Segment Open

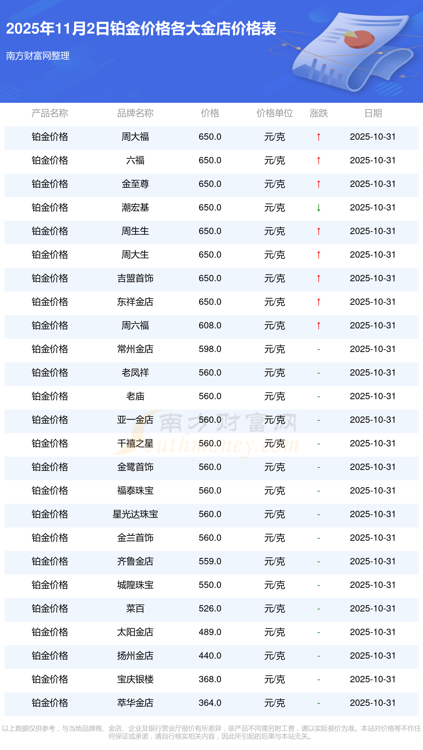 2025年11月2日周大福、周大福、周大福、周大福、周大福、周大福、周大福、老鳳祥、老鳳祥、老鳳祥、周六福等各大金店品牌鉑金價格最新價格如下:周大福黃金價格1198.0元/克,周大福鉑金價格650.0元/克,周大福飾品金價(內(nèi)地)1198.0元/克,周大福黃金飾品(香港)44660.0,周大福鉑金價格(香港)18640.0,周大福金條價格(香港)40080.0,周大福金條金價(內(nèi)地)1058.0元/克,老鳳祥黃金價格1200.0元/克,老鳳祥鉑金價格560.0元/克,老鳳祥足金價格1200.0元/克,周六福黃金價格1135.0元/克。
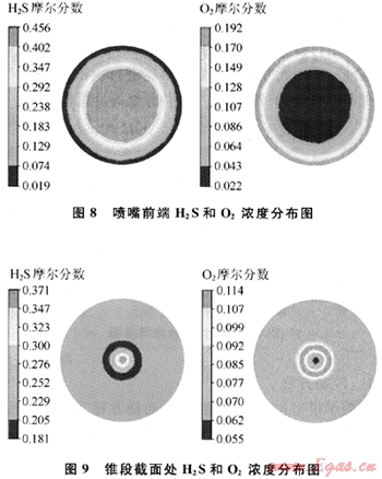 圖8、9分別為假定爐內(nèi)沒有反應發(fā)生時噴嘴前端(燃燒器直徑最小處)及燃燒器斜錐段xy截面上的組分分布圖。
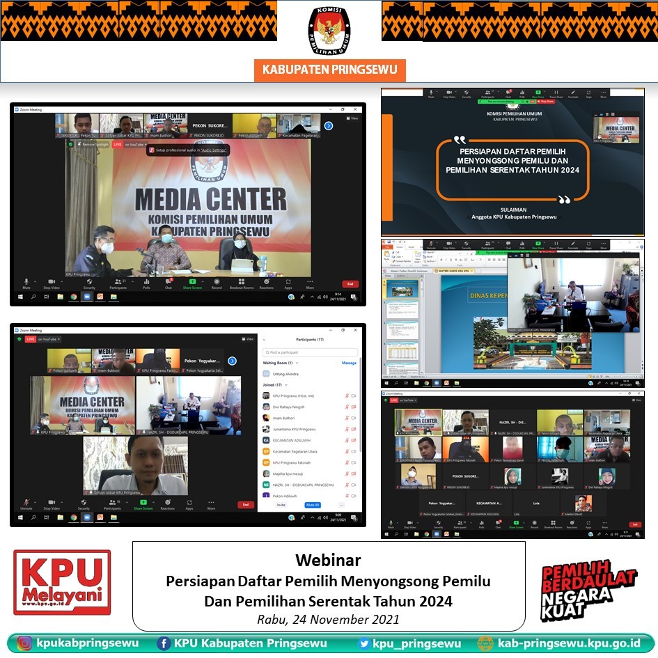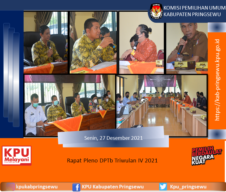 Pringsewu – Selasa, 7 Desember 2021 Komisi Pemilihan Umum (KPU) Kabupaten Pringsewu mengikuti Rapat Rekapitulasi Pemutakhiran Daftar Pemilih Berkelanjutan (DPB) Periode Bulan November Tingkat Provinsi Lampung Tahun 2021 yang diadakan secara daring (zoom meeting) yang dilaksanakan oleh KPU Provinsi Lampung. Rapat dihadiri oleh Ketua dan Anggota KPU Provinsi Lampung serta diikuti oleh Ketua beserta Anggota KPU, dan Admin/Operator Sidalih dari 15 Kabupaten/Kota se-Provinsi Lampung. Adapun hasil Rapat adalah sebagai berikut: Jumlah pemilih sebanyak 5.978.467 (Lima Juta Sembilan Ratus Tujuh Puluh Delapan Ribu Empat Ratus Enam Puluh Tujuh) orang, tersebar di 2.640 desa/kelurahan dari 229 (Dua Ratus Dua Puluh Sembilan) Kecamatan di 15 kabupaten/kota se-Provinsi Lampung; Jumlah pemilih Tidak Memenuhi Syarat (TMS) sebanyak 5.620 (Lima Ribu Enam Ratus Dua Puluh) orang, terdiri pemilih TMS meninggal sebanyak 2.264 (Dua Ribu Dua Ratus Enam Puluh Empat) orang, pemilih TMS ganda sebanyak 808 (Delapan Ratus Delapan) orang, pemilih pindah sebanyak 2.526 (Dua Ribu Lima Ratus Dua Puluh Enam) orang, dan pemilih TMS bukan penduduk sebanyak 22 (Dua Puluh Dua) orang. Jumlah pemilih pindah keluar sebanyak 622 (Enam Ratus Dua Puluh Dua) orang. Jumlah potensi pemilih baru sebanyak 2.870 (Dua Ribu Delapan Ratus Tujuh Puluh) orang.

Segment Closed
Segment Open

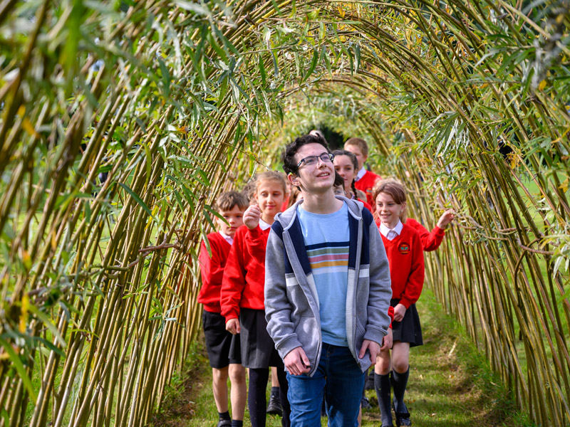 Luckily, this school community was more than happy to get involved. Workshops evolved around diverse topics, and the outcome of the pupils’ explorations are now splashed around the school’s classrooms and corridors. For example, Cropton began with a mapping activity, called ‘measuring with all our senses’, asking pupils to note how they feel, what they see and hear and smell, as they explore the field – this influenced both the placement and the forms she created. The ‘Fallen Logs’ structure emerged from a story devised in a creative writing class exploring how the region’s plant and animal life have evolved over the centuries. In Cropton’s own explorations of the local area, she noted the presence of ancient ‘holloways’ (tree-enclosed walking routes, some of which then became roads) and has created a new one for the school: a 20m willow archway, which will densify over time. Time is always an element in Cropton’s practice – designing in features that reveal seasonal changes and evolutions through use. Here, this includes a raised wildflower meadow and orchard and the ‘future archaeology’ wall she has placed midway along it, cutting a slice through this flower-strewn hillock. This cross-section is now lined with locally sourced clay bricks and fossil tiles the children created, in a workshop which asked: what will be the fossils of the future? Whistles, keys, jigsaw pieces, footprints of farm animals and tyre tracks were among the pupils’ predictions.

Segment Closed

▶ _What you should do_: Output should consist of the lines above from the one with "2025年11月2日周大福、" down to the one with "圖8、9分別為假定爐內(nè", exact and without pictures.

▶ _Problem solution_:
 2025年11月2日周大福、周大福、周大福、周大福、周大福、周大福、周大福、老鳳祥、老鳳祥、老鳳祥、周六福等各大金店品牌鉑金價格最新價格如下:周大福黃金價格1198.0元/克,周大福鉑金價格650.0元/克,周大福飾品金價(內(nèi)地)1198.0元/克,周大福黃金飾品(香港)44660.0,周大福鉑金價格(香港)18640.0,周大福金條價格(香港)40080.0,周大福金條金價(內(nèi)地)1058.0元/克,老鳳祥黃金價格1200.0元/克,老鳳祥鉑金價格560.0元/克,老鳳祥足金價格1200.0元/克,周六福黃金價格1135.0元/克。
 圖8、9分別為假定爐內(nèi)沒有反應發(fā)生時噴嘴前端(燃燒器直徑最小處)及燃燒器斜錐段xy截面上的組分分布圖。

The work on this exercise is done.